[WHAT THE TASK ASKS]
The answer is the data repeated in full, with no pictures included.

[INPUT DATA]
——

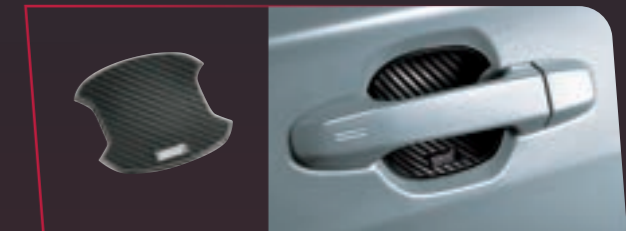
ỐP BẢO VỆ TAY NẮM CỬA (Bộ 4 cái) 2.000.000 VND ST91099ST080

Ốp bảo vệ tay nắm cửa có vân carbon giúp tránh trầy xước và dấu vân tay để lại khi đóng mở cửa xe. Được thiết kế dành riêng cho tay nắm cửa theo xe, ngoài tính năng bảo vệ cho hõm tay nắm, còn làm cho vẻ bề ngoài xe trông cá tính và thể thao hơn.
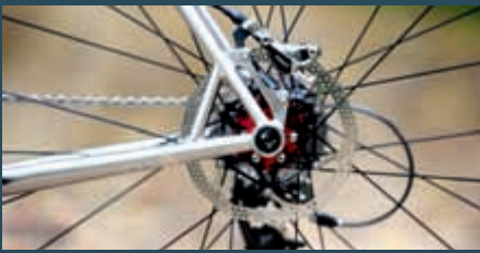
So schön kann Stahl sein. Der Hinterbau ist technisch und optisch top.
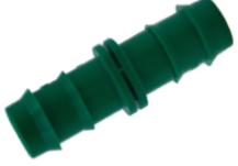
Kurtağı Ekleme Nipeli

——

[SOLUTION FOR THIS TASK]
ỐP BẢO VỆ TAY NẮM CỬA (Bộ 4 cái) 2.000.000 VND ST91099ST080

Ốp bảo vệ tay nắm cửa có vân carbon giúp tránh trầy xước và dấu vân tay để lại khi đóng mở cửa xe. Được thiết kế dành riêng cho tay nắm cửa theo xe, ngoài tính năng bảo vệ cho hõm tay nắm, còn làm cho vẻ bề ngoài xe trông cá tính và thể thao hơn.
So schön kann Stahl sein. Der Hinterbau ist technisch und optisch top.
Kurtağı Ekleme Nipeli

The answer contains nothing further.